DMI
Depth-wise Multivariate Imputation for Environmental Time Series
Depth-wise Multivariate Imputation (DMI) is a deep-learning architecture for filling in missing measurements across multi-depth environmental sensor networks — the kind of monitoring infrastructure that water agencies, environmental regulators, and climate-research programs depend on to track lake stratification, coastal hypoxia, drinking-water reservoirs, and the long-running aquatic time series that feed climate-change attribution and policy decisions.
The problem
Environmental sensors lose data. Buoys flood, transmitters fail, calibrations drift, and maintenance windows leave multi-day gaps that are otherwise unrecoverable. Existing time-series imputation methods treat such gaps as a generic missing-data problem and recover values one variable at a time. They ignore the most informative structure in stratified water bodies: the vertical correlation between adjacent depth layers. A missing surface reading almost always correlates with the readings just below it, but standard imputation architectures have no built-in mechanism to use that physical structure.
Our approach
DMI uses an axis-factored attention mechanism — an architectural family with established precedent in vision (axial attention, Ho et al., 2019) and time-series modelling (e.g. iTransformer, Liu et al., 2024) — adapted here to decompose attention along three physically-meaningful axes: depth, feature, and time. The contribution is the depth axis: prior multivariate-imputation methods compress depth-wise dependencies into a single feature dimension, losing the structured vertical correlation that defines stratified aquatic systems. DMI gives depth its own attention head, so reconstructed values respect both the temporal dynamics of each sensor and the physical relationships between sensors at different depths.
Evaluation
We evaluate DMI on two real-world multi-depth water-quality datasets:
- LakeBeD-US — a published benchmark of multi-depth lake water-quality measurements (21 U.S. lakes, >500 million observations across 17 variables) hosted by Copernicus Earth System Science Data. Our DMI experiments use the LakeBeD-US Minnesota partition (4 lakes monitored by the North Temperate Lakes LTER).
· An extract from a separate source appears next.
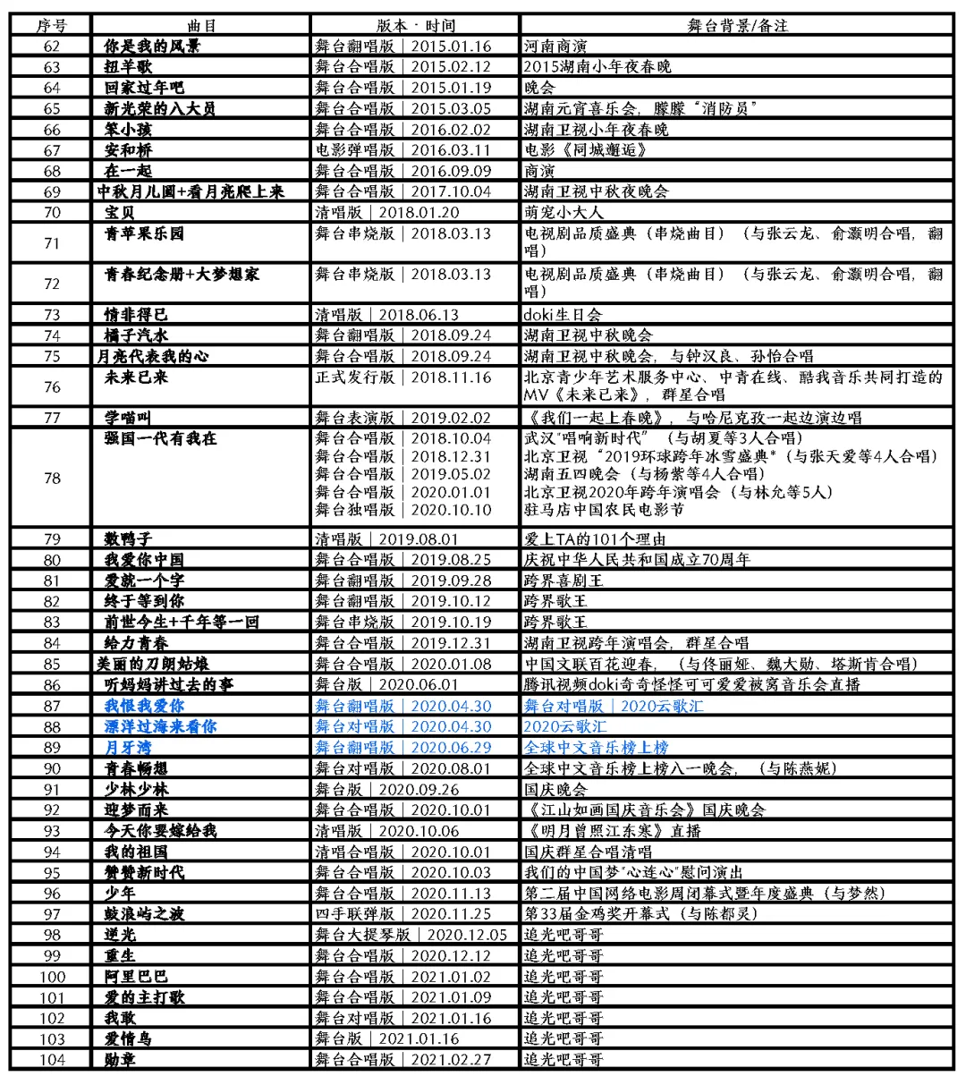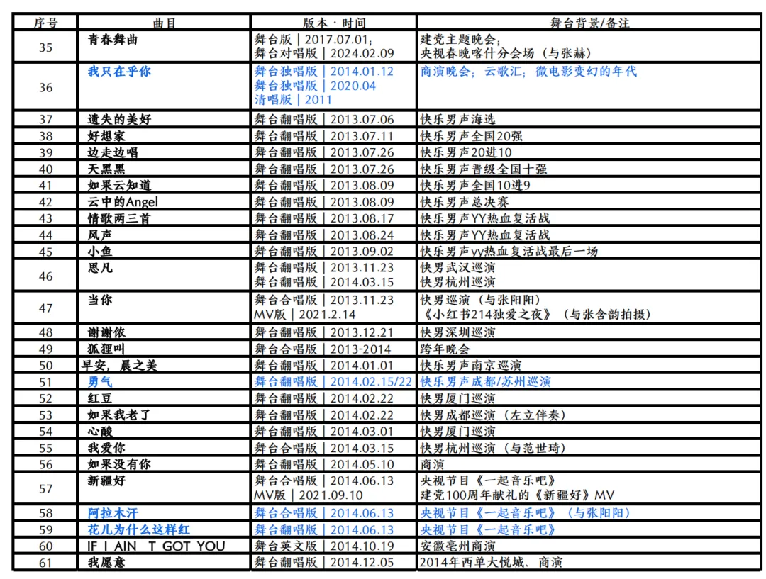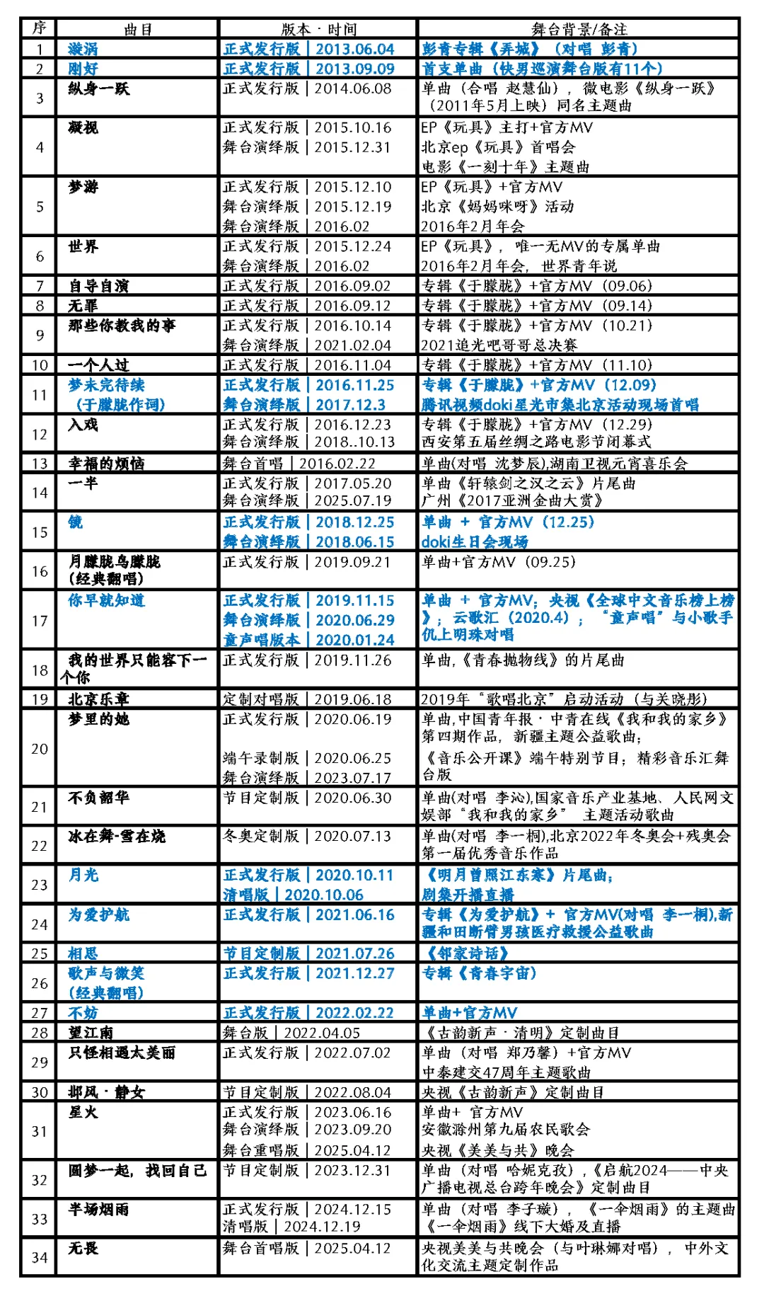 于是,便有了这连日来的反复查阅、逐曲核对,对着每一首曲目、每一个版本、每一次舞台,细细打磨、屡屡修改,歌单改了一版又一版,总想着再周全些、再详尽些,生怕遗漏了哪一段珍贵的旋律,辜负了他的用心演绎,也辜负了大家的满心期待。

- Miami-WQ — a newly collected multi-depth water-quality dataset assembled by our group from sensor deployments in South Florida.
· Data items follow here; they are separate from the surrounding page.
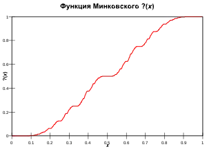 Функція «знак питання» Мінковського — побудована Германом Мінковським монотонна сингулярна функція на відрізку , яка має низку чудових властивостей. Так, вона взаємно-однозначно і зі збереженням порядку переводить квадратичні ірраціональності (тобто, числа вигляду де і раціональні) на відрізку у раціональні числа на тому ж відрізку, а раціональні числа — в двійково-раціональні. Вона пов'язана з рядами Фарея, ланцюговими дробами, і дробово-лінійними перетвореннями, а її графік має низку цікавих симетрій.
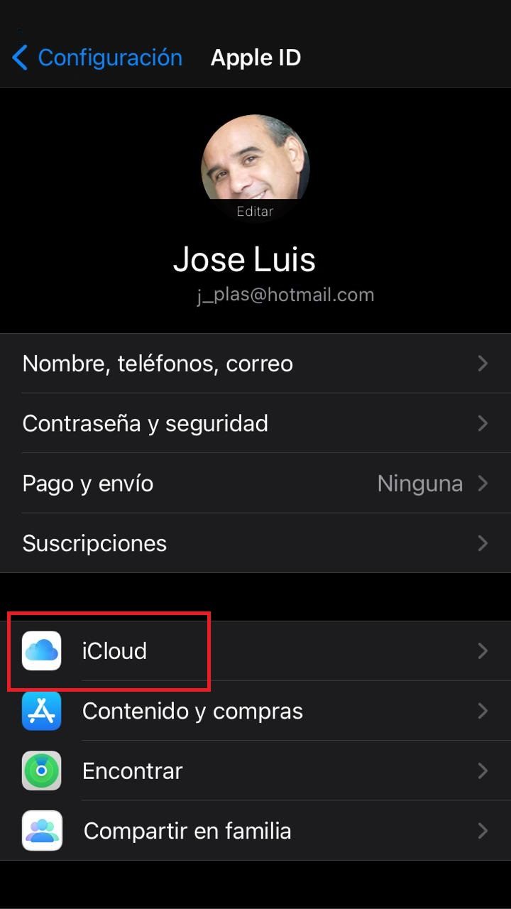 Paso 1: ve a Configuración> [tu nombre]> iCloud.
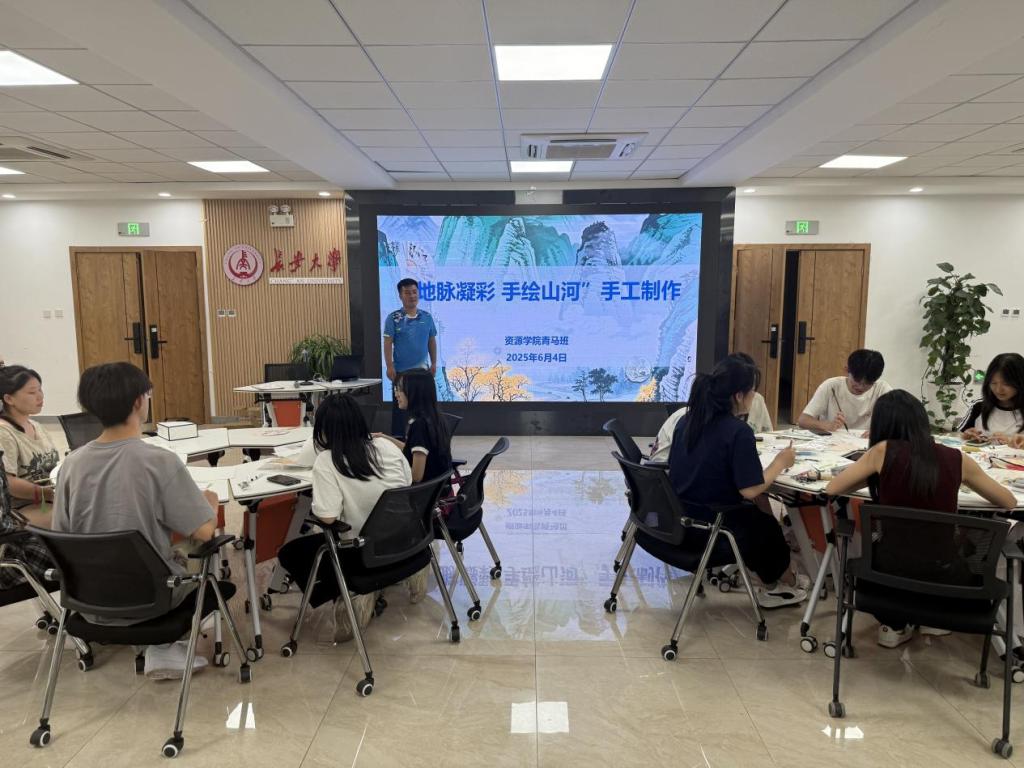 组织青马班学员在朝晖园学生社区团体活动室开展"地脉凝彩·手绘山河" 手工制作活动。学院团委书记巩昌盛与全体青马班学员齐聚一堂,大家在动手实践中体验传统手工艺的魅力,在绘画与书法中感悟自然伟力。
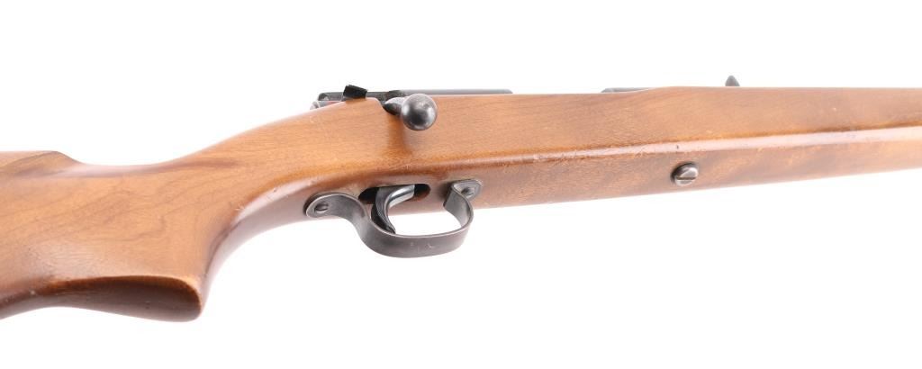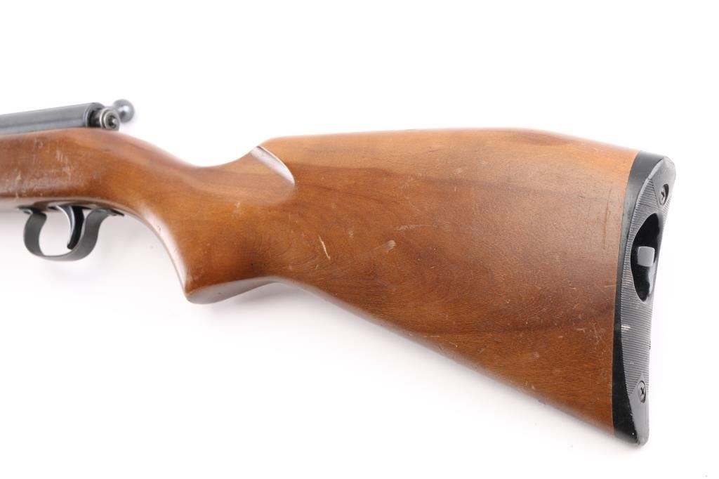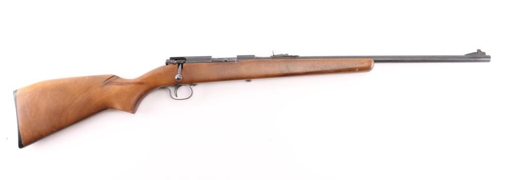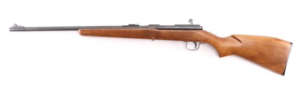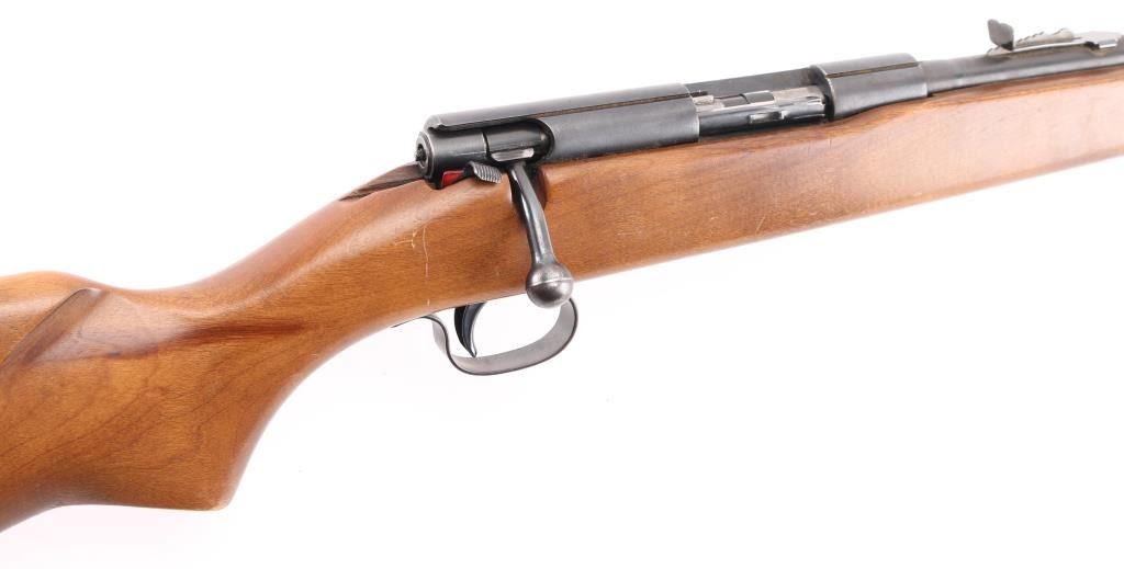 Bolt action rimfire buttstock tube magazine fed rifle chambered in .22 S/L?LR circa 1967. Features blued finish, wood stock with curved grip, serrated factory plastic buttplate and removable rear tube magazine rod. 25" barrel with serrated ramp blade beaded front sight, elevation adjustable sporting rear sight, manual push button safety. Retains 98% blue finish with very little edge wear, wood stock is very good with few dents, dings and shallow scratches. Bore and action are excellent. NRA Condition is Excellent. C&R firearm.
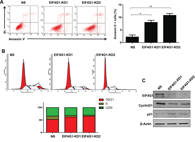 Figure 3: Targeting EIF4G1 induces NSCLC cell apoptosis and G0/G1 cell cycle arrest. A. Cell apoptosis of stably EIF4G1 “knock-down” A549 cells (EIF4G1-KD1 and KD2) and control (NS) was determined by Annexin-V/PI staining and flow cytometry analysis. Error bars represent the S.E.M. for 3 independent experiments. *=p<0.05, **=p<0.01. B-C. Cell cycle was determined by PI staining and flow cytometry analysis. Protein expression was detected by immunoblots.
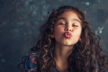 A young girl with long hair is kissing her own lips. The girl is wearing a blue dress and has a pink lip gloss on. Concept of innocence and fun, as the girl is engaging in a simple

Across both datasets, DMI outperforms prior multivariate-imputation baselines under three missing-data regimes: random-element missingness, structured block missingness simulating sensor outages and transmission failures, and combined feature- and time-axis missingness. The baseline set includes diffusion-based imputation (CSDI — Tashiro et al., 2021; PriSTI — Liu et al., 2023; CoFILL — Liu et al., 2024), Transformer-based imputation (SAITS — Du et al., 2023; iTransformer — Liu et al., 2024), recurrent imputation (BRITS — Cao et al., 2018; GRU-D — Che et al., 2018), and classical interpolation. Detailed comparisons appear in the manuscript currently under review at ACM SIGKDD 2026.
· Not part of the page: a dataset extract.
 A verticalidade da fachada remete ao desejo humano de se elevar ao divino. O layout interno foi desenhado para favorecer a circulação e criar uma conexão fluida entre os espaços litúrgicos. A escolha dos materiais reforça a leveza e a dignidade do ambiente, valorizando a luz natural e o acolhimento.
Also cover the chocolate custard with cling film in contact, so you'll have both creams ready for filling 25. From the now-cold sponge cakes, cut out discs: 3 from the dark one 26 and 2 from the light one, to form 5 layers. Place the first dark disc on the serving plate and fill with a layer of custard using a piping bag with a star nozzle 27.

Beyond water — transferability
The axis-factored attention design generalises to any structured-data problem where the data tensor carries independent informative axes. Examples include multi-resolution medical sensor fusion (depth → tissue layers in ultrasound; depth → MRI slices), manufacturing telemetry across machine layers, multi-modal Earth observation (depth → vertical atmospheric levels in numerical weather prediction), and any time-series problem with a structured non-temporal axis that warrants explicit representation. The water-quality benchmarks anchor the empirical evaluation; the architectural contribution is general.
Collaborators
- Prof. Leonardo Bobadilla — Associate Professor, Knight Foundation School of Computing and Information Sciences, Florida International University
- Prof. Cuong V. Nguyen — Assistant Professor, Department of Mathematical Sciences, Durham University, United Kingdom
- Dr. Ana Sophia Cavalcanti Alves Vilas Boas — Research Specialist, Florida International University; PhD in Electrical Engineering (UFJF, Brazil), with marine-robotics and embedded-systems expertise
Funding
The NSF AI Institute for Research on Trustworthy AI in Weather, Climate, and Coastal Oceanography (AI2ES) funds this research via the FIU–AI2ES ExpandAI partnership — a U.S. National Science Foundation program that develops trustworthy artificial intelligence for Earth-system, weather, and climate-resilience applications.
Status
Manuscript under peer review at ACM SIGKDD 2026 (the ACM SIGKDD Conference on Knowledge Discovery and Data Mining).
Code & data
Source code and the Miami-WQ dataset will be released publicly upon paper acceptance, in accordance with standard pre-publication confidentiality during peer review.